Pleasure on deletion

Have you ever wonder how difficult is to delete some code in your service? Recently I watched The art of destroying software by Greg Young which is a good starting point to think about something that have been ringing around my current work place: "delete code is good".

Nowadays micro-services and distributed systems are trending topic in software development. It seem like if you are doing the micro-services way then you are in the right path or at least in the modern path. In my opinion is more about:
  • Know well enough the responsibilities  of each part of you system
  • Keep good balance of coupling and cohesion
  • As consequence be able to Delete Code 
Because when you have those then you can go and delete part ( or complete) of a service because: is not need anymore, want to kill some technical debt or even for the fun of recreate it from scratch with different approaches.
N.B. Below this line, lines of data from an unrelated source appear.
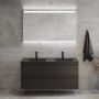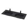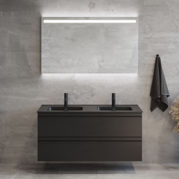 Komplett badrumsmöbel innehållande ett modernt tunnare porslinstvättställ med dubbla bassänger, ett svart matt underskåp med två mjukstängande lådor i metall samt mattlackad lådfront. Badrumsmöbeln har en enkel men stilren design som ger en modern och elegant känsla i ditt badrum. Underskåpet kommer färdigmonterad, det enda du behöver montera själv är lådfront och handtag. Med Camargue Skärgård sätter du enkelt ihop ett unikt badrum anpassat efter stil, utrymme och behov. Kombinera gärna din badrumsmöbel med högskåp i samma serie och glöm inte göra din möbel komplett med spegel eller spegelskåp.
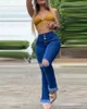 Jean déchiré bleu rétro pour femmes, pantalon évasé droit, taille haute, coupe effilochée, bouton à franges, nouvelle collection automne 2021
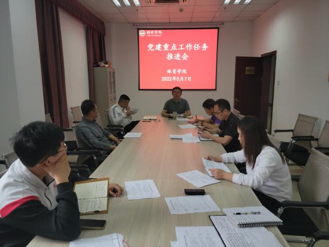 5月7日,体育公司2022年党建重点工作推进会在体教会议室召开,会议由公司党委书记、经理傅超主持,公司党委领导班子、支部书记及科室负责人参加会议。
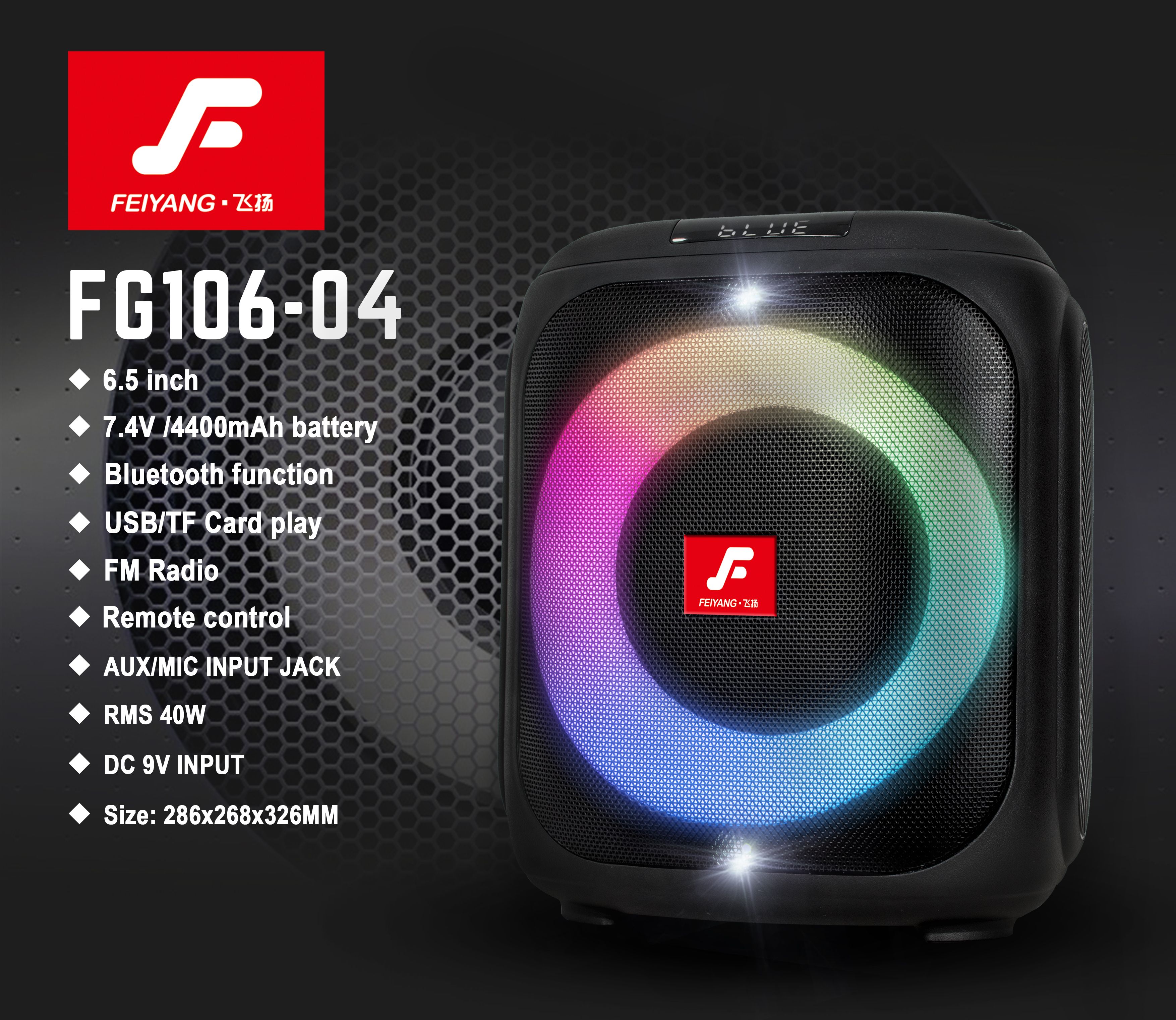 Bluetooth/USB/TF/FM/REC/Remote control/7.4V/4400mAh battery/AUX/MIC Input jack/DC 9V 2A/RMS:40W
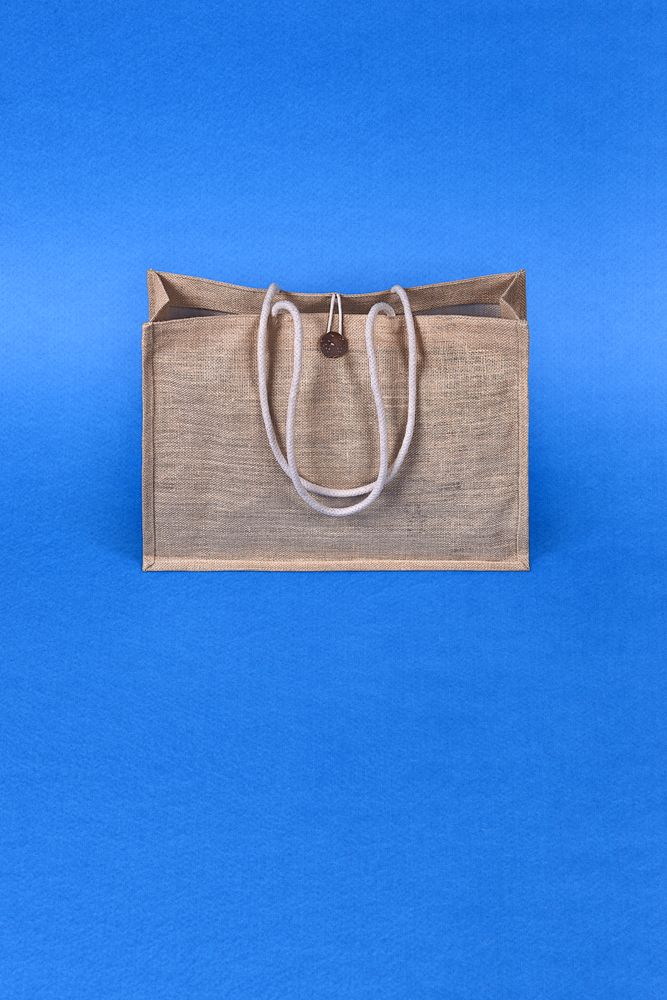 джут, плотность 240 г/м², ламинированный; ручки — хлопок |

At the end you are going to have the same system from business perspective but with less code to read, less code to test and less code to cause error. If something is not need or not used just delete it! Keep in mind that is even better if you delete code and you not need to change your tests.



I finish with some phrases of Greg Young:

Unit tests only show that the tests passed, they don’t show lack of bugs.
The definition of a refactor is: I either change my tests or my code and I only change one out of the two.
 Technical debt is not a concept business people understand.
 If you can rewrite a piece of code in a week, you can understand it in a week. 
The one big secret to great consulting: Never build big programs. 
The difference between great code and sucky code is the size of the programs. 
Don’t try to plan for future changes. Focus on the ability to completely rewrite everything from scratch when that change actually occurs
Make the decision at the last responsible moment.